*What the task asks*:
Only the pictures should be dropped; copy the rest of the entries exactly.

*Data listing*:
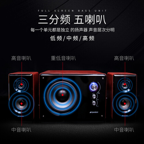 木质箱体设计,具有出众的导音效果,增强音质表现力。内置全频低音单元,发声震撼有力,身临其境。
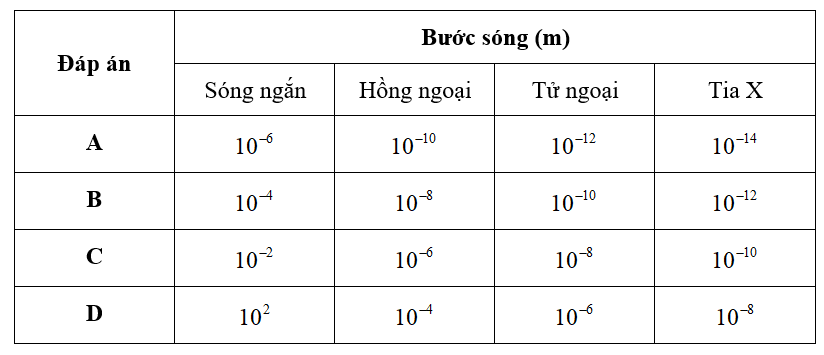 Quan sát bảng liệt kê bước sóng của các sóng điện từ
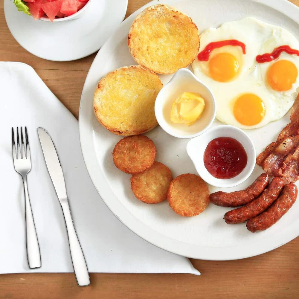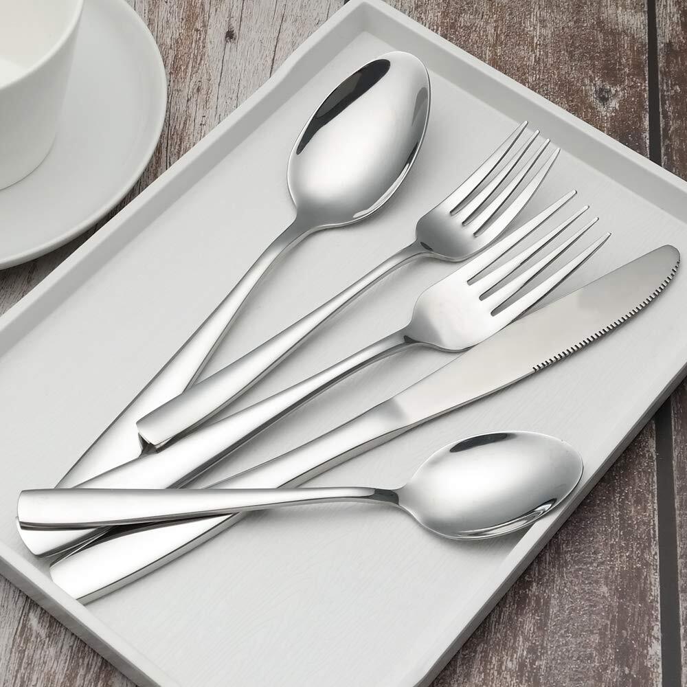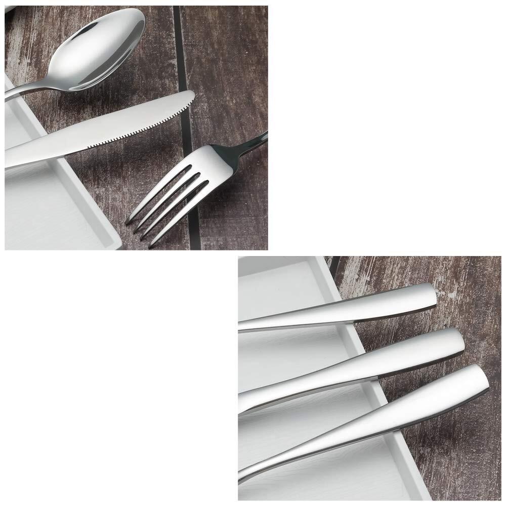 Totally 40 pieces a set, 8 dessert forks + 8 dessert spoons + 8 dinner knives + 8 dinner forks + 8 dinner spoons Made from high quality stainless steel Dessert spoon: 6.6"L x 1.37"W; dessert fork: 6.6"L x 0.9"W; dinner knives: 9.1"L x 0.7"W; dinner spoons: 8"L x 1.6"W; dinner fork: 8.1"L x 0.98"W Applicable occasions: home, kitchen, restaurant Easy to clean, reusable, durable
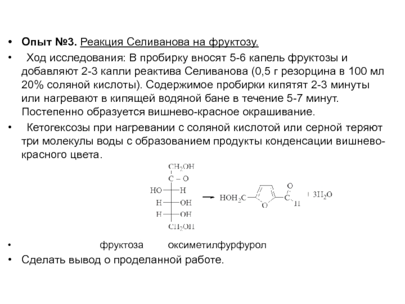 Слайд 13Опыт №3. Реакция Селиванова на фруктозу.
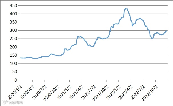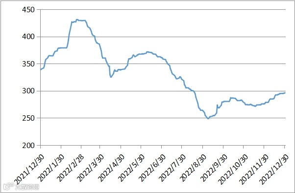本周有5个交易日,稀土价格指数分别为295.2、295.2、295.6、296.2、296.2,价格指数平稳。20211230-20221230区间稀土价格指数走势图、2019-2022年价格指数同比走势图、2020-2022年稀土价格指数走势图如下:
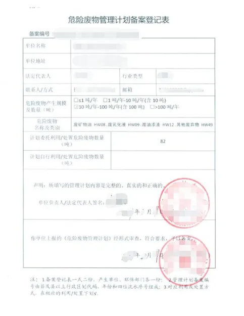 危险废物管理计划备案登记表
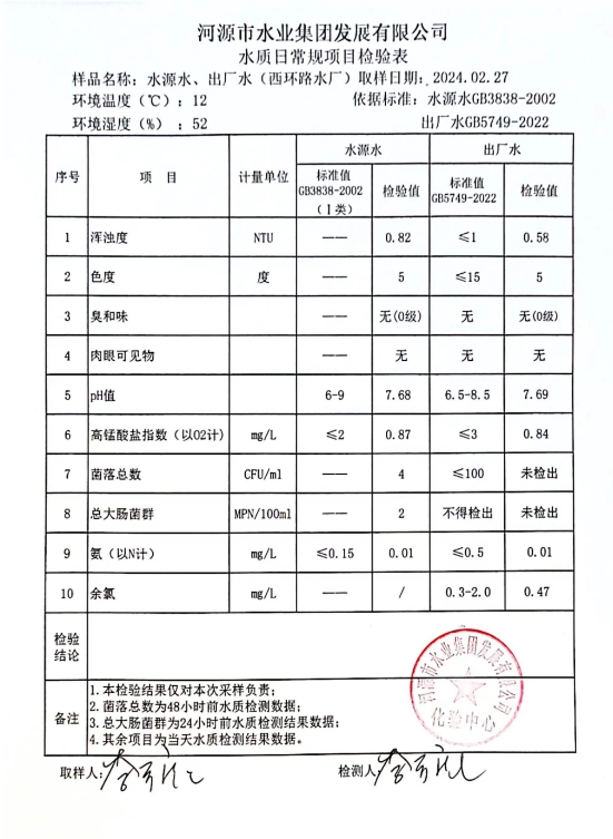 2024年2月27日水質(zhì)檢驗(yàn)報(bào)告 ???

*Response*:
 木质箱体设计,具有出众的导音效果,增强音质表现力。内置全频低音单元,发声震撼有力,身临其境。
 Quan sát bảng liệt kê bước sóng của các sóng điện từ
 Totally 40 pieces a set, 8 dessert forks + 8 dessert spoons + 8 dinner knives + 8 dinner forks + 8 dinner spoons Made from high quality stainless steel Dessert spoon: 6.6"L x 1.37"W; dessert fork: 6.6"L x 0.9"W; dinner knives: 9.1"L x 0.7"W; dinner spoons: 8"L x 1.6"W; dinner fork: 8.1"L x 0.98"W Applicable occasions: home, kitchen, restaurant Easy to clean, reusable, durable
 Слайд 13Опыт №3. Реакция Селиванова на фруктозу.
本周有5个交易日,稀土价格指数分别为295.2、295.2、295.6、296.2、296.2,价格指数平稳。20211230-20221230区间稀土价格指数走势图、2019-2022年价格指数同比走势图、2020-2022年稀土价格指数走势图如下:
 危险废物管理计划备案登记表
 2024年2月27日水質(zhì)檢驗(yàn)報(bào)告 ???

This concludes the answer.